| What is needed |
The full listing, excluding its pictures, should be printed exactly as it stands.

| Provided material |
● ● ● ● ●
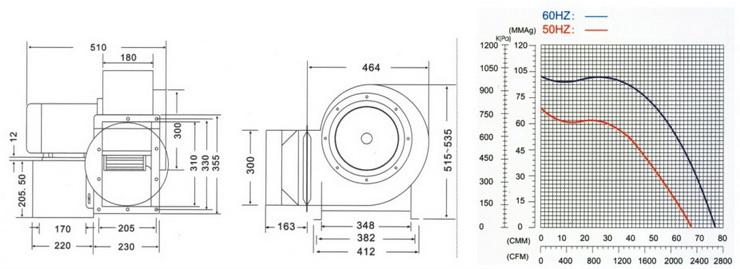 | 規格 | (V) | (HZ) | 1/3 | (A) | (W) | RPM | mmAq | Pa | CMM | m3/h | CFM | dbA |
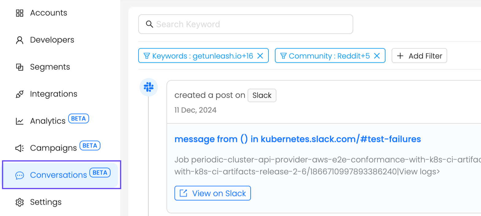 Go to the Conversations tab to view results for the configured keywords.
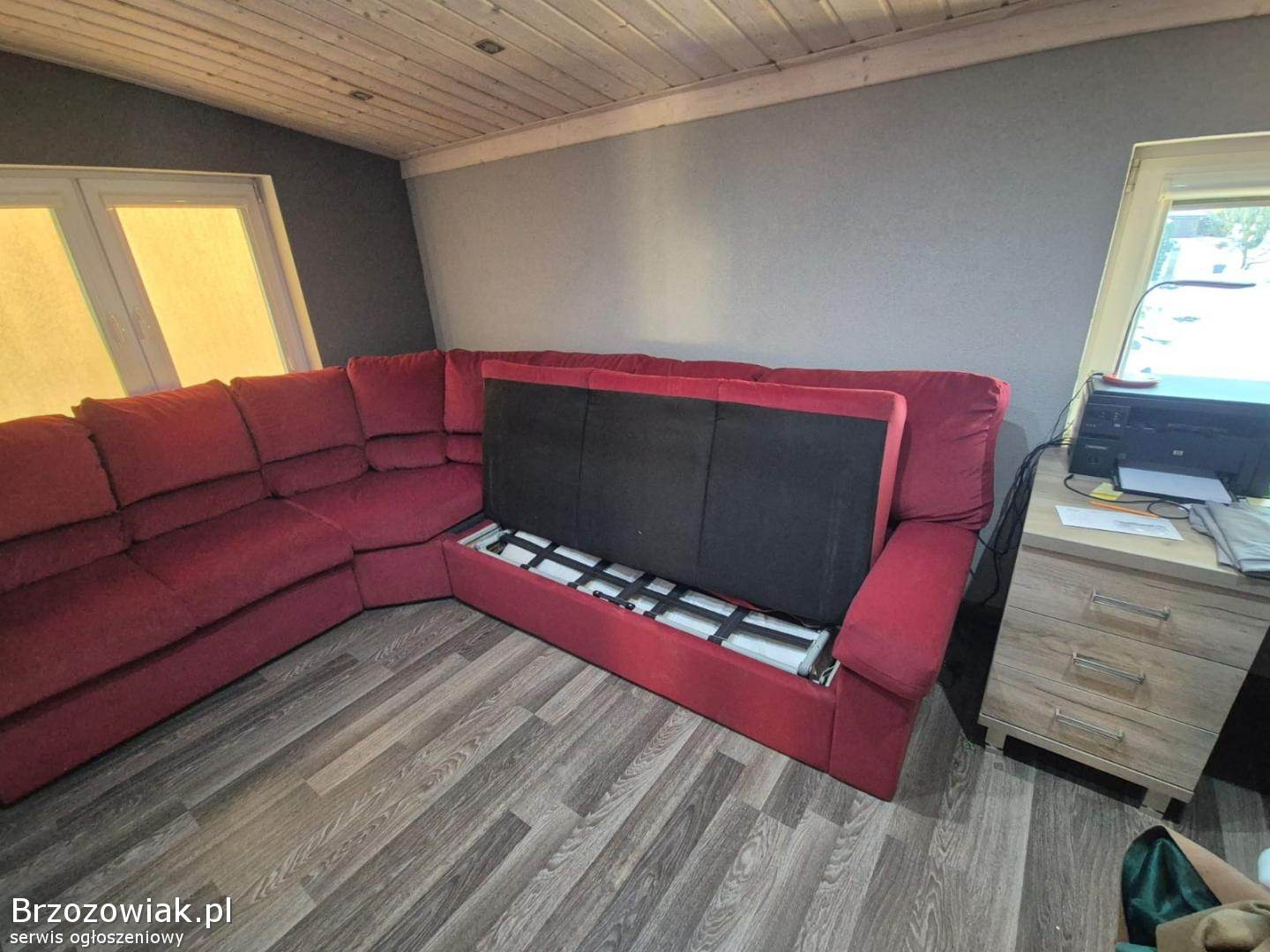 Naroznik z funkcją spania, wymiary naroznika 3100×2700 Mało używany, tkanina obiciowa - carabu, Jest to material zmywalny, który jest imitacją skóry naturalnej.
● ● ● ● ●
| Answer to this task |
 | 規格 | (V) | (HZ) | 1/3 | (A) | (W) | RPM | mmAq | Pa | CMM | m3/h | CFM | dbA |
 Go to the Conversations tab to view results for the configured keywords.
 Naroznik z funkcją spania, wymiary naroznika 3100×2700 Mało używany, tkanina obiciowa - carabu, Jest to material zmywalny, który jest imitacją skóry naturalnej.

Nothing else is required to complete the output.